Para um dia especial, lembrei-me de contar a história de uma mulher com valor:
Nasceu em Bogotá, em 25 de Dezembro de 1961, filha de um Ex-Senador e Ex-Embaixador Colombiano, e de uma Ex-Miss Colômbia. Viveu em Paris durante boa parte da sua juventude, onde estudou Ciências Políticas e onde teve dois filhos do seu primeiro casamento. Por ser uma mulher de convicções, voltou à Colômbia em 1989 e em 1990 trabalhava para o Ministério das Finanças da Colômbia, tendo abandonado a profissão para se entregar à política.

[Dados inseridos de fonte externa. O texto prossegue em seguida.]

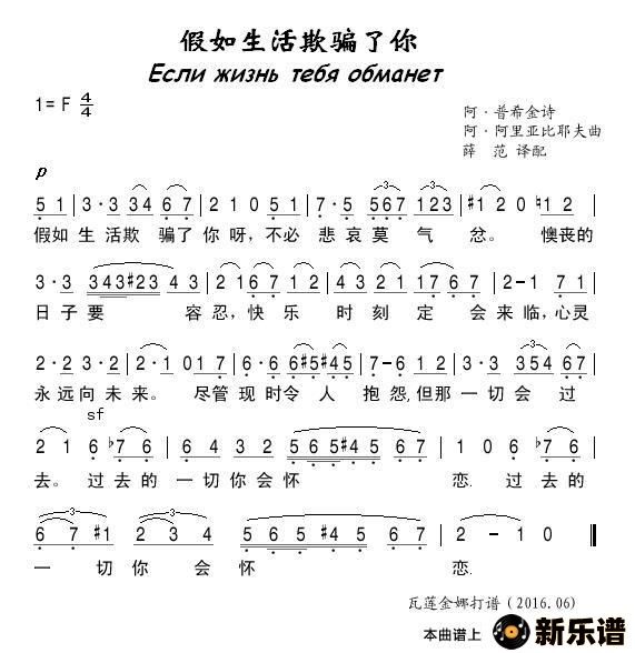 演唱的假如生活欺骗了你歌词,假如生活欺骗了你最新曲谱.
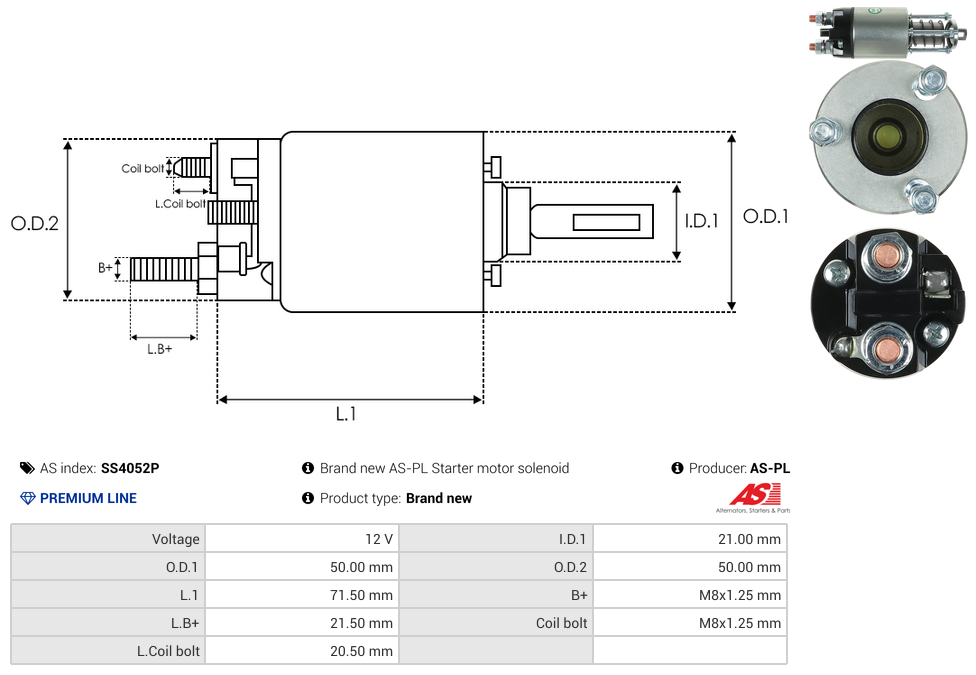 | B+ Stud Diameter & Thread Pitch (B+) | M8x1.25 mm |

Uma mulher que sentiu que devia fazer alguma coisa pelo seu país, e por isso, lutou contra a corrupção e tráfico de drogas, e abraçou causas ambientais. Em 1998, concorreu a Senadora e ganhou. Foi durante esse mandato que começou a receber ameaças de morte por parte de uma organização militar desconhecida. Como qualquer mulher que também é mãe, onde os filhos estão num plano superior, enviou-os para Nova Zelândia, longe dos perigos. Escreveu um livro que se intitulava “La Rage au Coeur” (Raiva no coração), que sofreu censura na Colômbia, por conter críticas e acusações contra o antigo presidente Samper, mas como mulher determinada, publicou-o em França. Foi raptada pelo grupo, Forças Armadas Revolucionárias da Colômbia, em 23 de Fevereiro de 2002, enquanto fazia campanha para eleições, tendo sido resgatada em 2 de Julho de 2008, pelo exército colombiano, sob o pretexto de uma inspecção humanitária, juntamente com 14 reféns. Esteve em cativeiro durante 2.323 dias, e não foi esse facto que a fez abandonar as suas convicções. Ela é Íngrid Betancourt Pulecio, senadora e activista anticorrupção franco-colombiana.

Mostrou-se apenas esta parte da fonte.